Here at Zacks, we focus on our proven ranking system, which places an emphasis on earnings estimates and estimate revisions, to find winning stocks. But we also understand that investors develop their own strategies, so we are constantly looking at the latest trends in value, growth, and momentum to find strong companies for our readers.
Looking at the history of these trends, perhaps none is more beloved than value investing. This strategy simply looks to identify companies that are being undervalued by the broader market. Value investors rely on traditional forms of analysis on key valuation metrics to find stocks that they believe are undervalued, leaving room for profits.
Zacks has developed the innovative Style Scores system to highlight stocks with specific traits. For example, value investors will be interested in stocks with great grades in the "Value" category. When paired with a high Zacks Rank, "A" grades in the Value category are among the strongest value stocks on the market today.
One company to watch right now is Navient (NAVI - Free Report) . NAVI is currently sporting a Zacks Rank of #2 (Buy) and an A for Value. The stock is trading with P/E ratio of 3.31 right now. For comparison, its industry sports an average P/E of 9.56. NAVI's Forward P/E has been as high as 5.76 and as low as 1.60, with a median of 3.64, all within the past year.
Value investors also love the P/S ratio, which is calculated by simply dividing a stock's price with the company's sales.
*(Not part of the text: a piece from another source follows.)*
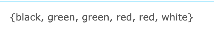 Carter chooses a marble at random from a bag. There is 1 white marble, 2 green marbles, 1 black marble, and 2 red marbles.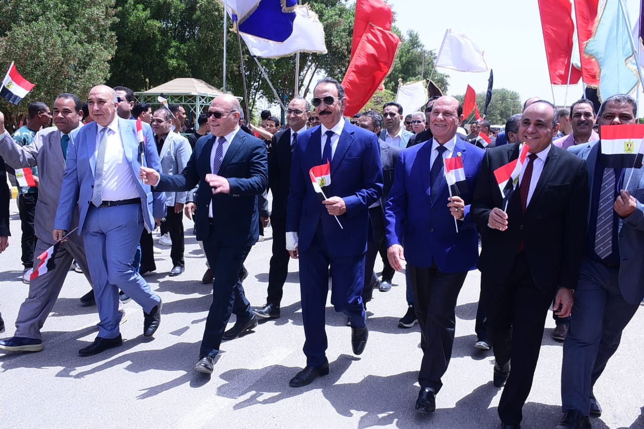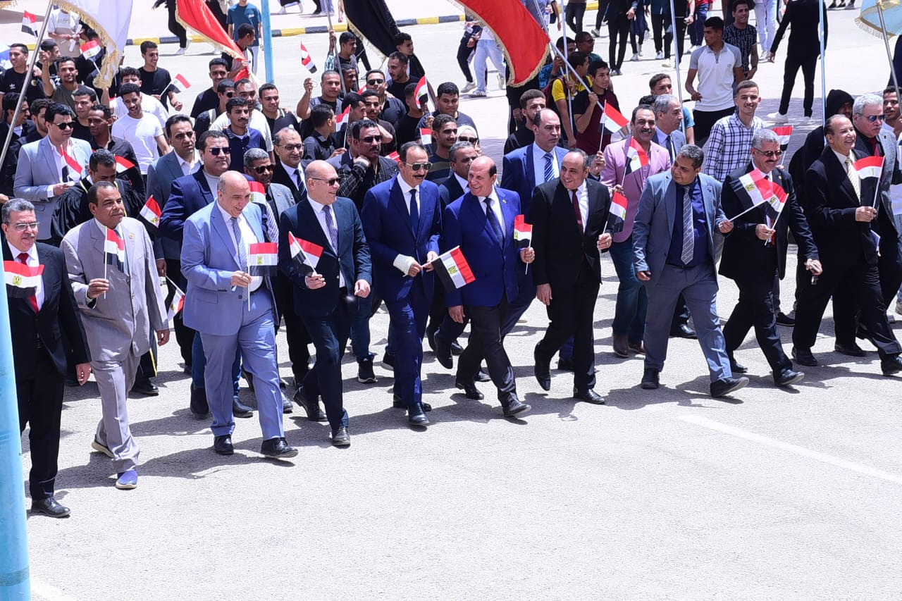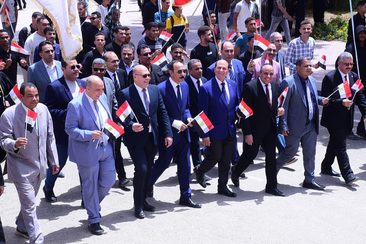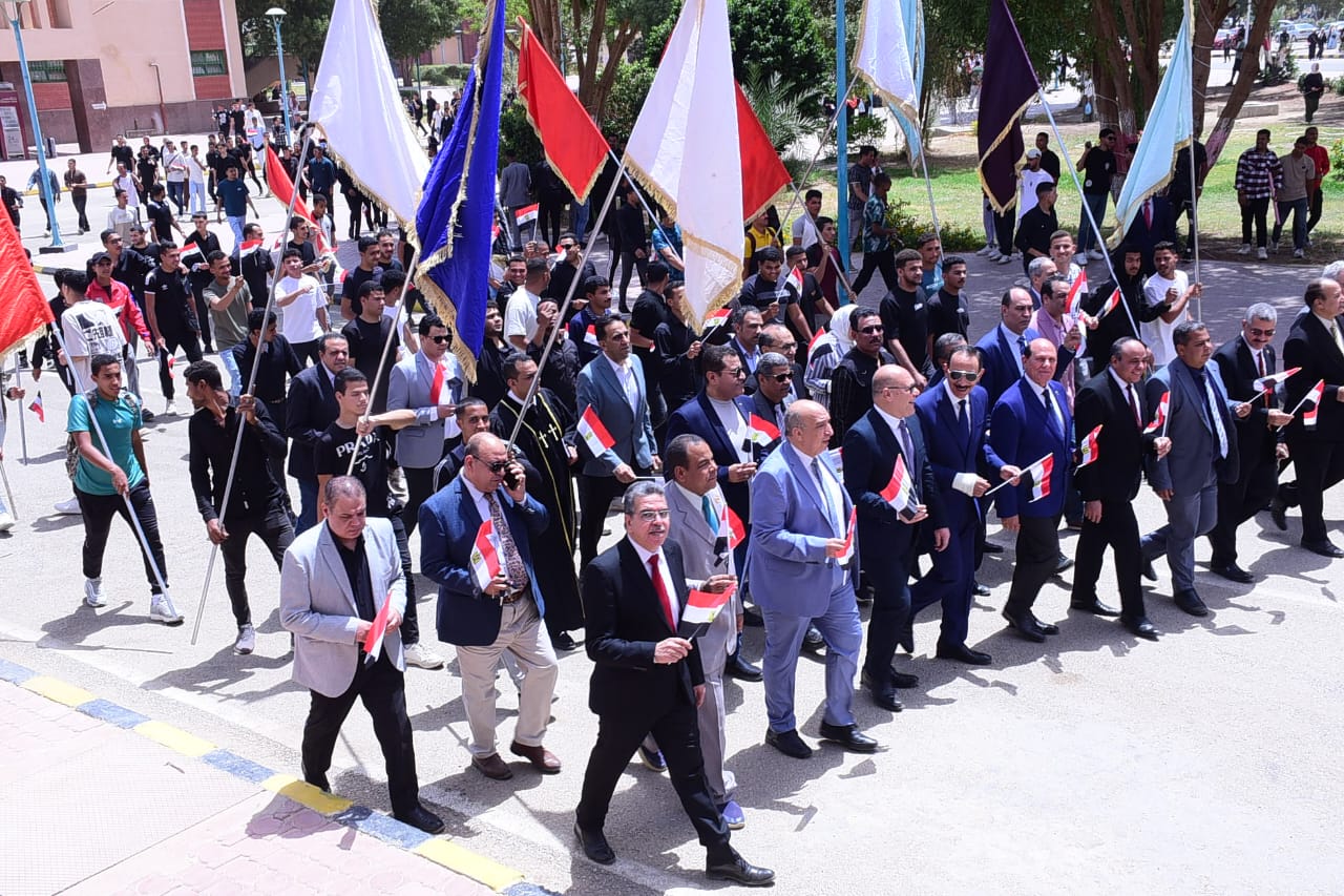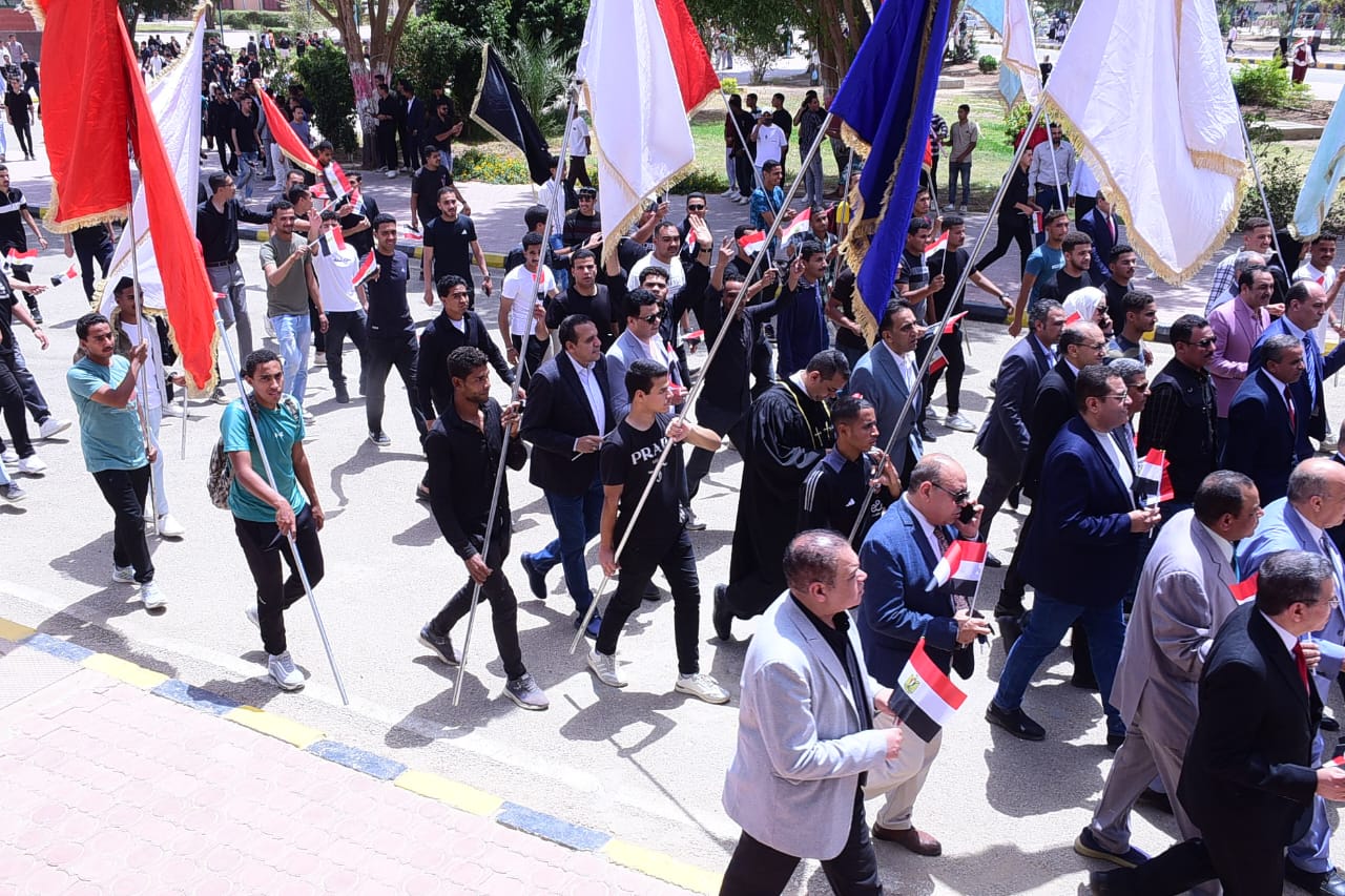 وخلال المسيرة رفع الطلاب أعلام مصر، وردد المشاركون الهتافات الوطنية التي عبرت عن حب الوطن والاعتزاز بتضحيات القوات المسلحة الباسلة، مؤكدين أن ذكرى تحرير سيناء ستظل رمزًا للفخر والعزة والإرادة المصرية.

Some people prefer this metric because sales are harder to manipulate on an income statement. This means it could be a truer performance indicator. NAVI has a P/S ratio of 0.36. This compares to its industry's average P/S of 0.94.
Value investors will likely look at more than just these metrics, but the above data helps show that Navient is likely undervalued currently. And when considering the strength of its earnings outlook, NAVI sticks out at as one of the market's strongest value stocks.